Three separate tables with some common columns (usually copy-and-paste of the superclass columns among all subclass tables). This is very flexible and easy to work with. But, it requires a union of the three tables to assemble an overall list.

OO databases go through the same stuff and come up with pretty much the same options.
If the point is to model subclasses in a database, you probably are already thinking along the lines of the solutions I've seen in real OO databases (leaving fields empty).
If not, you might think about creating a system that doesn't use inheritance in this way.
Inheritance should always be used quite sparingly, and this is probably a pretty bad case for it.
A good guideline is to never use inheritance unless you actually have code that does different things to the field of a "Parent" class than to the same field in a "Child" class. If business code in your class doesn't specifically refer to a field, that field absolutely shouldn't cause inheritance.
But again, if you are in school, that may not match what they are trying to teach...
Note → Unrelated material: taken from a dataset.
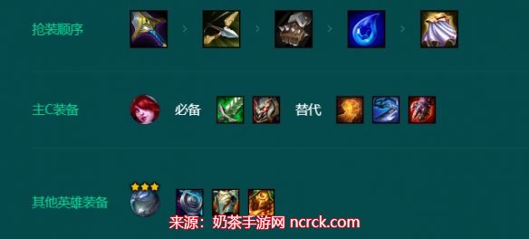 主C霞顶在第一排挨打满蓝直接满天飞羽,左上角右上角都可以,重点可以直接秒对方后排,即使对方有肉装前排也不怕因为霞自带破甲,慎放在霞的旁边,慎带的薄暮法袍也可以削减对方前排的护甲,利用吸血鬼高额的血量,以及装备吸血的持久,飞升后的霞可以收割战场,后期有阿狸可以放在霞的后边,阿狸的破发效果可以保证霞能在第一时间秒掉对方的前排,如果对面是皇子,奎桑提就要是使用第二套占位。

The "correct" answer for the purposes of an assignment is probably #3 :
Person
PersonId Name Address1 Address2 City Country
Student
PersonId StudentId GPA Year ..
Staff
PersonId StaffId Salary ..
Parent
PersonId ParentId ParentType EmergencyContactNumber ..
Where PersonId is always the primary key, and also a foreign key in the last three tables.
I like this approach because it makes it easy to represent the same person having more than one role. A teacher could very well also be a parent, for example.

I suggest five tables
Person
Student
Staff
Parent
Address
WHy - because people can have multiple addesses and people can also have multiple roles and the information you want for staff is different than the information you need to store for parent or student.
Further you may want to store name as last_name, Middle_name, first_name, Name_suffix (like jr.) instead of as just name. Belive me you willwant to be able to search on last_name! Name is not unique, so you will need to make sure you have a unique surrogate primary key.
Please read up about normalization before trying to design a database. Here is a source to start with:
http://www.deeptraining.com/litwin/dbdesign/FundamentalsOfRelationalDatabaseDesign.aspx

Super type Person should be created like this:
CREATE TABLE Person(PersonID int primary key, Name varchar ... etc ...)
All Sub types should be created like this:
CREATE TABLE IF NOT EXISTS Staffs(StaffId INT NOT NULL ,
PRIMARY KEY (StaffId) ,
CONSTRAINT FK_StaffId FOREIGN KEY (StaffId) REFERENCES Person(PersonId)
)
CREATE TABLE IF NOT EXISTS Students(StudentId INT NOT NULL ,
PRIMARY KEY (StudentId) ,
CONSTRAINT FK_StudentId FOREIGN KEY (StudentId) REFERENCES Person(PersonId)
)
CREATE TABLE IF NOT EXISTS Parents(PersonID INT NOT NULL ,
PRIMARY KEY (PersonID ) ,
CONSTRAINT FK_PersonID FOREIGN KEY (PersonID ) REFERENCES Person(PersonId)
)
Foreign key in subtypes staffs,students,parents adds two conditions:
Person row cannot be deleted unless corresponding subtype row will
not be deleted. For e.g. if there is one student entry in students
table referring to Person table, without deleting student entry
person entry cannot be deleted, which is very important. If Student
object is created then without deleting Student object we cannot
delete base Person object.
All base types have foreign key "not null" to make sure each base
type will have base type existing always. For e.g. If you create
Student object you must create Person object first.